In conclusion, the current study found no unusual CC risk associated with previously reported Salmonella infection overall. Therefore, although there is growing experimental evidence for a potential role of Salmonella in CC development, notified Salmonella infections do not appear to be an important driver of CC risk in the studied population. Indeed, the previously observed epidemiological association between SE infection and proximal CC was not confirmed here.
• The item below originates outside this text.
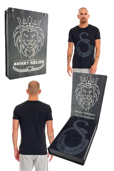 Galatasaray Orijinal Ata İmza T-Shirt Siyah Kişiye Özel Tasarım Ahşap Kutulu

The explanation for these differences, if not merely occurring by chance, is unclear.
Author contributions
Study concept and design: LMG, SE, JVH, JWD, MF. Formal/statistical analysis: JVH. Writing and/or original draft: JWD, JVH. Data collection: SE. Writing and/or review and editing: JWD, JVH, LMG, SE, EF, JJCN, MF.
Financial support
This study was supported by KWF grant ‘Bacterial food poisoning and colon cancer; a cell biological and epidemiological study’ (2017-1-11001). No funding bodies had any role in study design, data collection and analysis, decision to publish or preparation of the manuscript.
Conflict of interest
All authors report no potential conflicts of interest.
Ethical standards
This study was approved by the Danish Data Protection Agency (permission number: 18/04190). By Danish law, ethical approval is not required for register-based studies.
Data availability statement
All data relevant to the study are included in the article or uploaded as supplementary information.